**Problem statement**
Please print, exactly, only the lines in the entries below from the line that has "This work, completed" through the line that has "Overall, this activity". Pictures don't go in.

**Saved data entries**
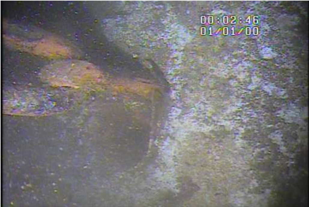
Typical deteriorated chain at breakwater hole (bottom of concrete breakwater)
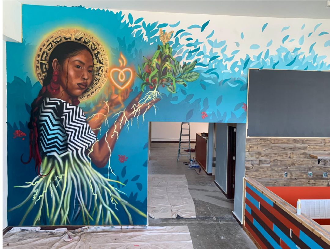
“Raices/Roots” 2021. Cafe Corazon 2, Kansas City, MO.

This work, completed for a Latinx owned coffee shop in Kansas City, honors the Indigenous roots of coffee, mate, and blue corn. The mural reminds viewers that these plants are gifts from Indigenous populations, and that their origins should never be forgotten. Behind the woman's head is an Aztec calendar, which represents the passage of time, eternity and continuity. The mural is an homage to the divinity found in reconnecting with nature and your cultural roots.
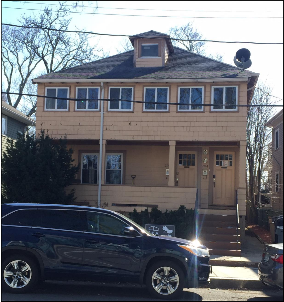
204-206 Fayerweather Street
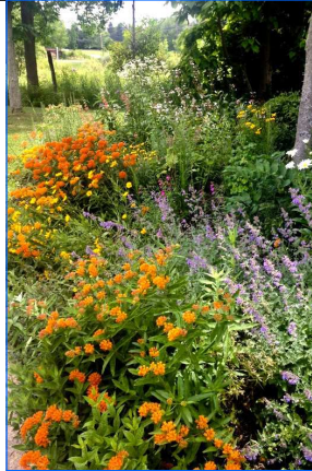
A native plants garden is lush and colorful.

conservationist and professor in the Department of Entomology and Wildlife Ecology at the University of Delaware, there are four functions or goals that every homeowner’s landscape and yard must perform to produce a healthy and viable ecosystem that we all need:
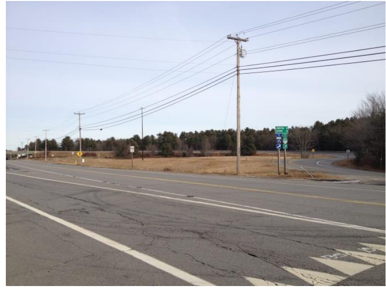
Figure 3: Development site looking east-northeast
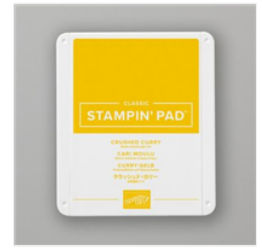
Crushed Curry Classic Stampin' Pad - 147087
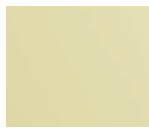
606 (US4) Satin Brass
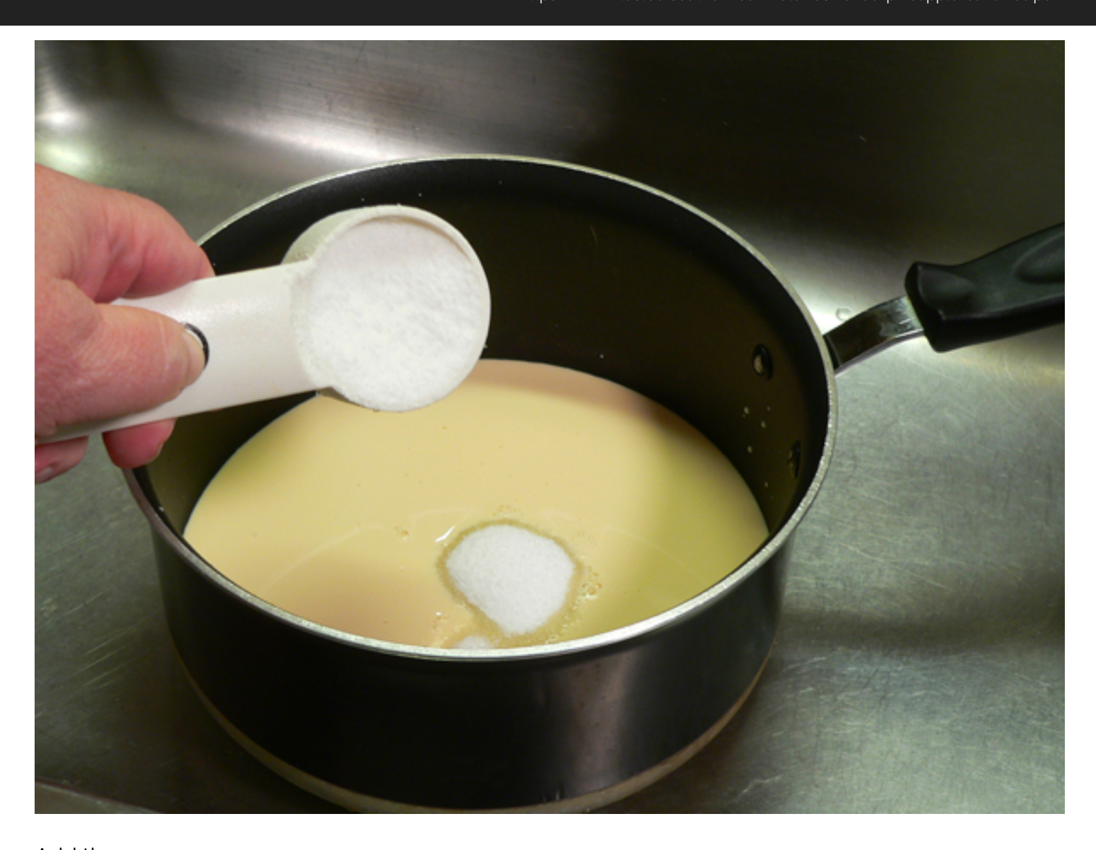
Add the sugar.
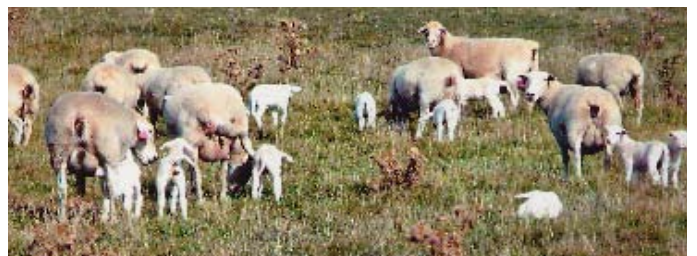
Dorper ewes and lambs.
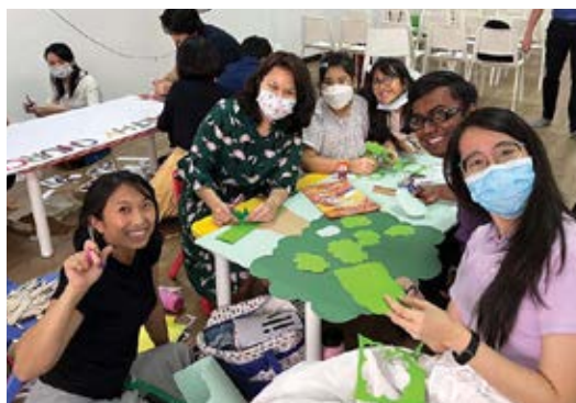
Suitable for all ages

Overall, this activity served many purposes – it was a fun activity that could be done by all ages, it is a feast for the eyes in the church hallway leading up to the sanctuary, and it made us reflect on the past and encouraged us for the future. Recommended for all churches!
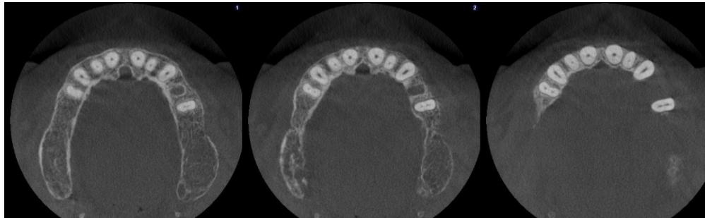
Figure 2. The axial plane to check the number and shape of the canals

To study the morphology of the roots, after obtaining the MPR images (sagittal and coronal axes were set along the longitudinal axis of the root to allow for the tooth apex to be well visible), the assessment was carried out based on Vertucci classification. [41] The information in the checklist was entered into SPSS-21 software one by one. The quantitative data were reported as “Mean \pm SD” and qualitative data as “number (percent)”. The non-parametric Kolmogorov-Smirnov test was used to assess the normality of the frequency distribution of the quantitative variables. The independent two-sample t-test and Chi-square test or Fisher’s exact test were used to evaluate the canal anatomy of permanent maxillary first premolars by gender, number of roots, and number and type of canals. The significance level was P < 0.05 for all the tests.
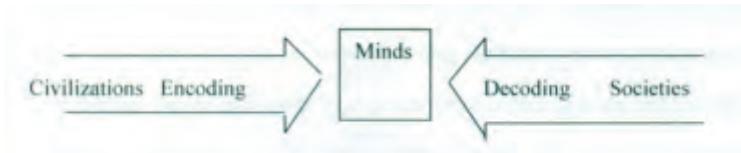
Figure 2: Steps in Peace Communication

Thus the outcome of the convergence of all sources or civilizations is strengthened by the collective will to institutionalize civilization-based societies, which are commonly transmitted by ordinary human minds. This phenomenal drift toward a unifying world can be actualized from the much-awaited global peace structure, in which the global union shall be formed by a benevolent hegemon who will pursue beneficial policies common to all major civilizations for sustainable growth and development.
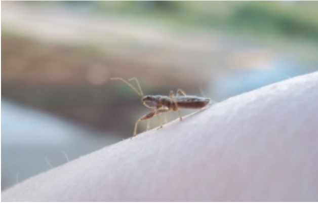
Figure 1: Nabis argentinus on bare skin.

Figura 1: Nabis argentinus sobre piel desnuda.
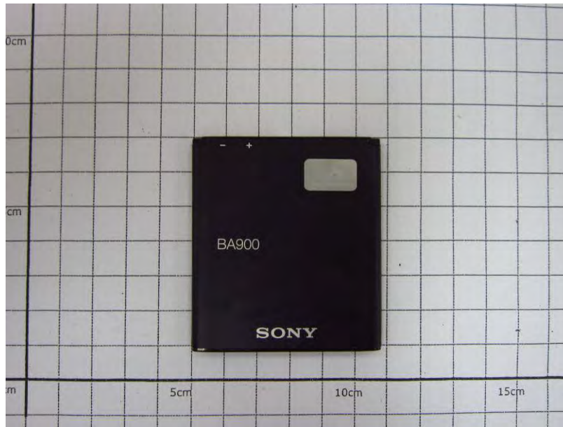
Fig.5 Front view of battery (Model No.: BA900, Supplier: SONY, Type No.: AB-0500)
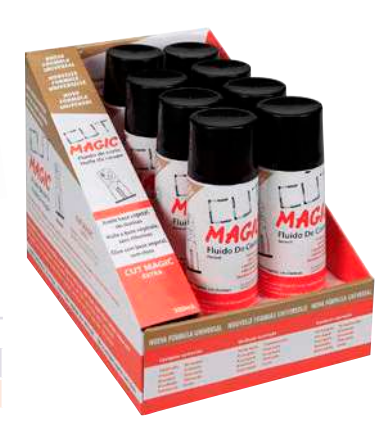
200 x 180 x 240mm
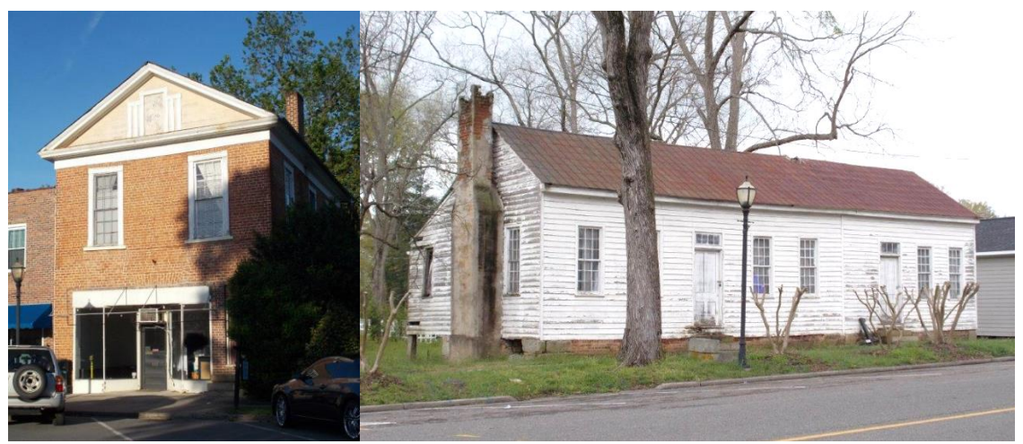
Rhyne Store (left) and Smyre-Pasour House (right)

Court activity attracted businesses and residents who built stores and dwellings facing onto the square. The grandest of these early buildings is the 1852 Hoffman Hotel at 131 W. Main (GS0010), a three-story brick building with a full-façade two-story porch. The building, which ranks among the state's oldest hotels, has been meticulously restored and now houses the Gaston County Museum.<sup>5</sup> Another early brick building is the two-story 1850 Rhyne Store at 130-132 N. Gaston (GS0011), which features a pediment with a Greek Revival window or vent surround. Among the early residences that front onto the square are the 1850 Smyre-Pasour House at 113-115 N. Holland (GS0012), a one-story frame building with a symmetrical five-bay original section and a three-bay extension made ca. 1870. Next door is the 1850s Roberts-Lewis House at 103 N. Holland (GS0446), a two-story frame dwelling with extensive modern additions related to its current use as a restaurant.
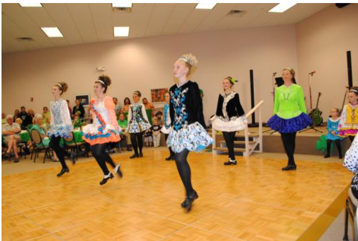
The girls show off some of their pretty dresses that they wear during competitions.
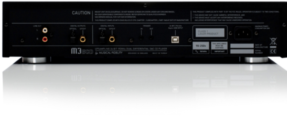
M3sacd – CD PLAYER
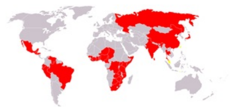
Distribution of the cholera, yellow is sporadic.

Cholera is an acute infectious disease caused by Vibrio cholerae bacteria which is endemic and epidemic in Asia. This bacteria has two biotypes, classic and El Tor. The latter has longer survival ability in nature and can cause sub-clinical cases. Its mode of transmission is by consumption of contaminated water and food, but rarely person to person spread has been reported. Undercooked or raw seafood has frequently been a source of cholera in some countries. Most infected people with V. cholerae tend to have mild-to-moderate symptoms which are diarrhoea and vomiting. However, if left untreated, cholera can be one of the most rapidly fatal infectious illnesses known. In endemic areas the incidence of cholera is highest in children.
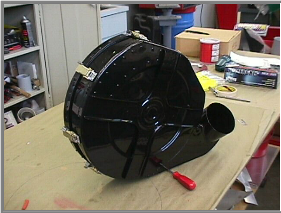
COMPLETED INDUCTION HOUSING ASSEMBLY
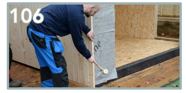
Use a rubber mallet to softly knock the second Side Panel (BH) into the first, so the T&G panels interlock. Repeat the same process for the T&G Panel (BA).
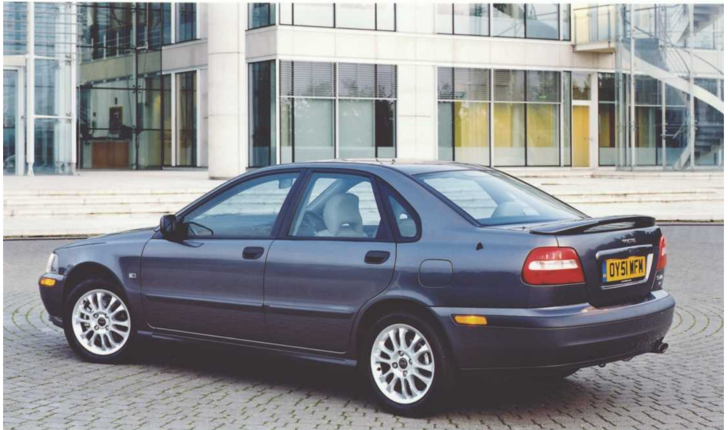
Volvo S40 October 2001

**Response box**
This work, completed for a Latinx owned coffee shop in Kansas City, honors the Indigenous roots of coffee, mate, and blue corn. The mural reminds viewers that these plants are gifts from Indigenous populations, and that their origins should never be forgotten. Behind the woman's head is an Aztec calendar, which represents the passage of time, eternity and continuity. The mural is an homage to the divinity found in reconnecting with nature and your cultural roots.
204-206 Fayerweather Street
A native plants garden is lush and colorful.

conservationist and professor in the Department of Entomology and Wildlife Ecology at the University of Delaware, there are four functions or goals that every homeowner’s landscape and yard must perform to produce a healthy and viable ecosystem that we all need:
Figure 3: Development site looking east-northeast
Crushed Curry Classic Stampin' Pad - 147087
606 (US4) Satin Brass
Add the sugar.
Dorper ewes and lambs.
Suitable for all ages

Overall, this activity served many purposes – it was a fun activity that could be done by all ages, it is a feast for the eyes in the church hallway leading up to the sanctuary, and it made us reflect on the past and encouraged us for the future. Recommended for all churches!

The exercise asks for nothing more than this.